Hold a pillow to your tummy for the journey home in the car. I still felt every bump in the road but it was cushioned. Mrs Shilts
Remember to pack plenty of loose, comfortable clothing in your hospital bag, for after the birth and the journey home. Jogging bottoms, loose tshirts and HUGE pants will become your best friends for the first few days and weeks.
If you are having a planned section, you can plan for the recovery beforehand:
I read a report about enhanced recovery following c-section last year before I had Piglet. It mentioned about drinking energy drinks like Lucozade the day before your section and the following few days afterwards. I followed this advice and felt much better this time round than I did after my previous two sections. Boo, Roo and Tigger Too
No matter what sort of caesarean you have, be it an elective or a rather more surprise affair, there are many things that can make the birth a special experience. It is still your birth – don’t be afraid to take control!
For the birth- if you would like it, ask for the drape to be taken down and your baby to passed directly to you. I saw them pull my son out and they passed him into my outstretched arms. Hannah Spannah.
Look into ‘seeding swabs’. Wish I’d known about that when I had my caesarean; and delayed cord clamping for caesarean section. I thought I wasn’t ‘allowed’. Live Oxfordshire
I think the most important thing to remember is that you have had major abdominal surgery, and that on top of that you are looking after a newborn baby. You will be exhausted and uncomfortable, and that’s OK. Listen to your body, don’t try and be everything to everyone. Sleep as much as you can, accept all offers of help – whether that is someone watching the baby while you have a shower, pushing the hoover round for you or bringing meals when they visit – and keep your scar as clean and dry as possible.

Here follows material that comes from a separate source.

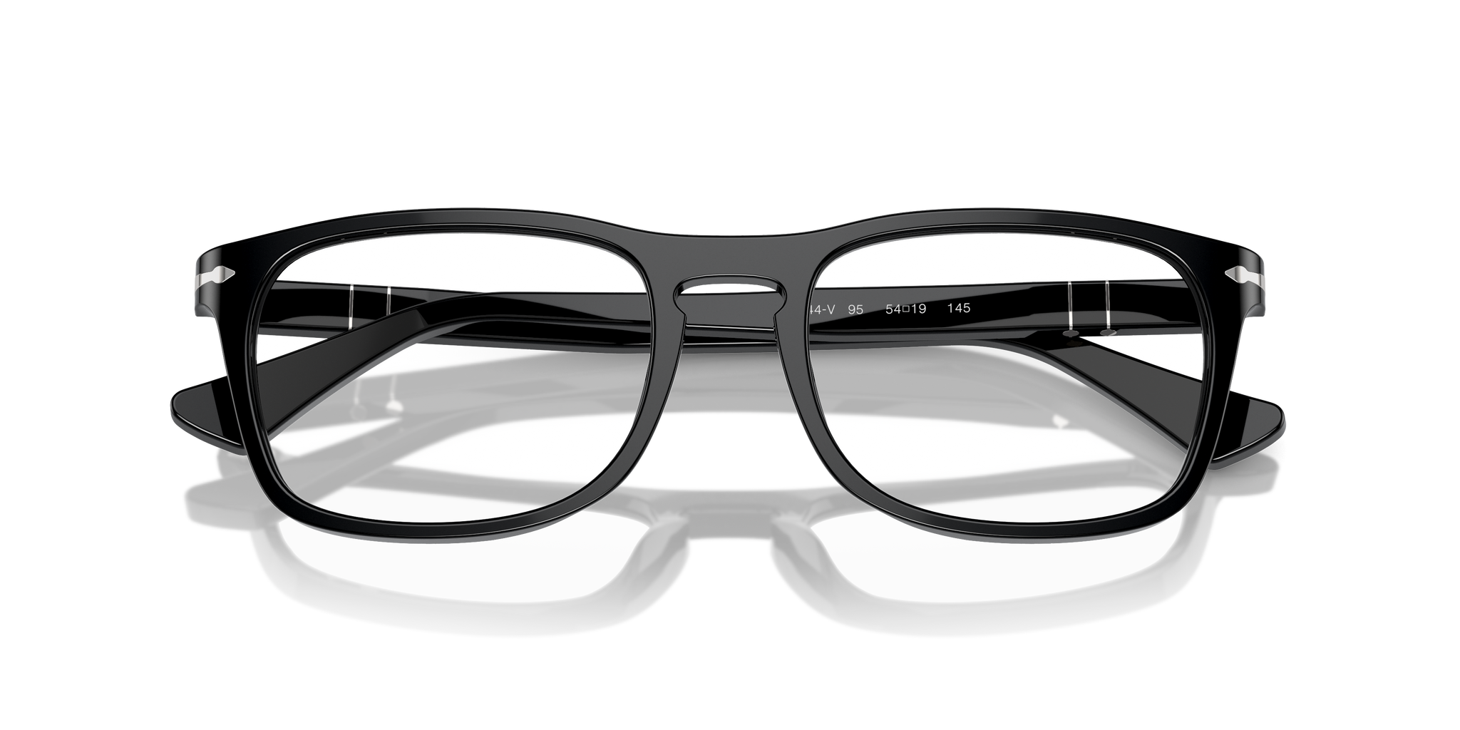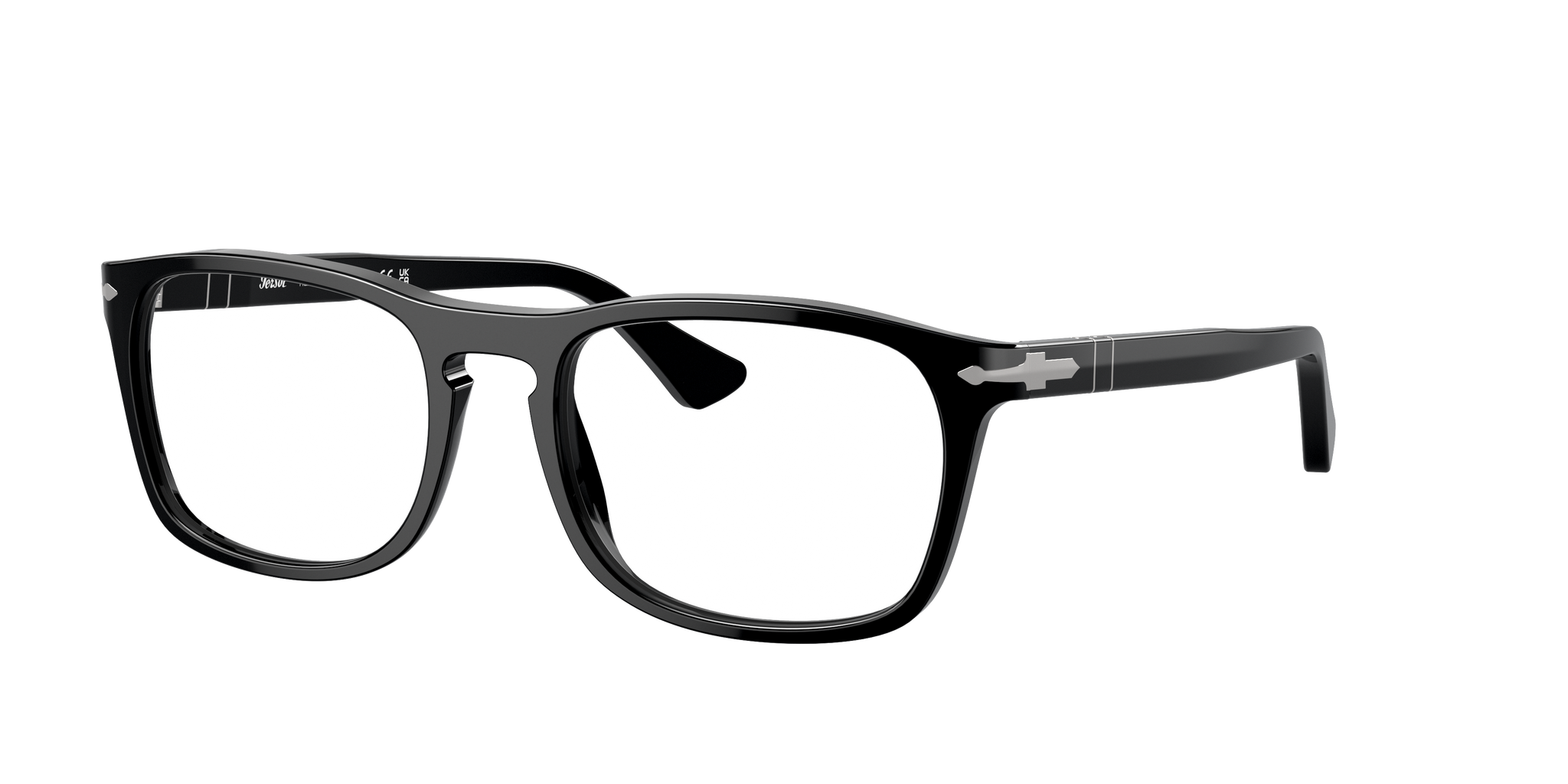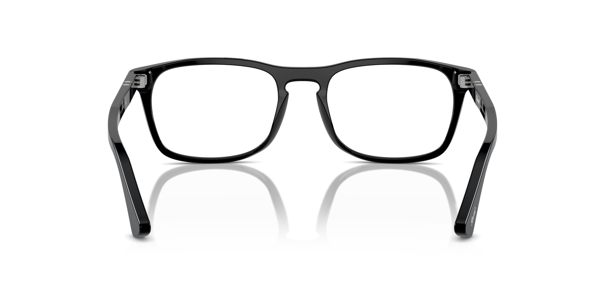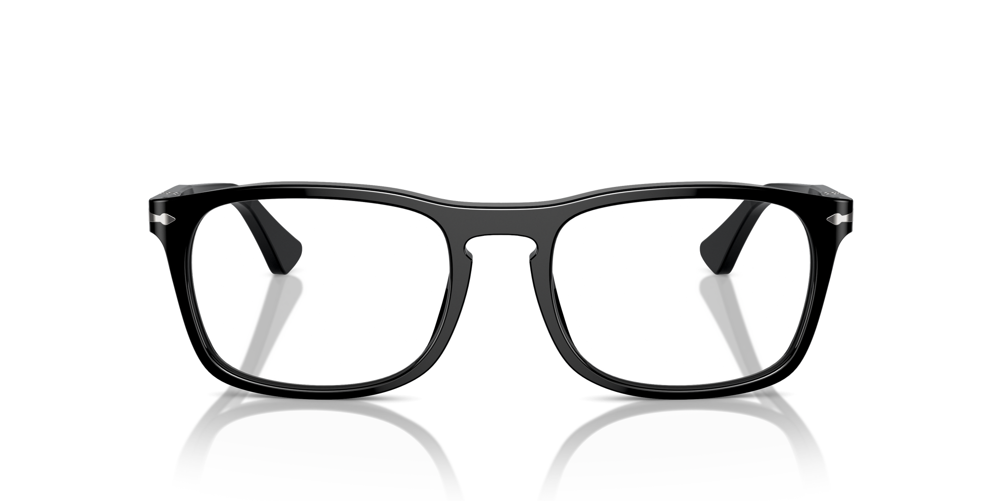 Occhiale da vista Persol in acetato nero lucido.

If you are breastfeeding, the rugby ball hold can often be the easiest, or prop a pillow underneath your baby when feeding so they are not lying directly on your scar. Moving around really does help you feel more human, and will ease the aches and pains gently.
Post-op wind can be incredibly uncomfortable – I found that sucking mints or drinking peppermint tea really helped. You can ask for peppermint tea in hospital if you are struggling – most midwives have this readily available. Often, after surgery, you will have to self inject medication to stop blood clots. I found it really uncomfortable if I did it too close to my bruised stomach, so I used to inject in my thighs or the side of my waist area. If you really find this hard, ask your partner, a relative or your midwife to do it for you.
Have you had a caesarean? Are there any other things that helped you to recover well?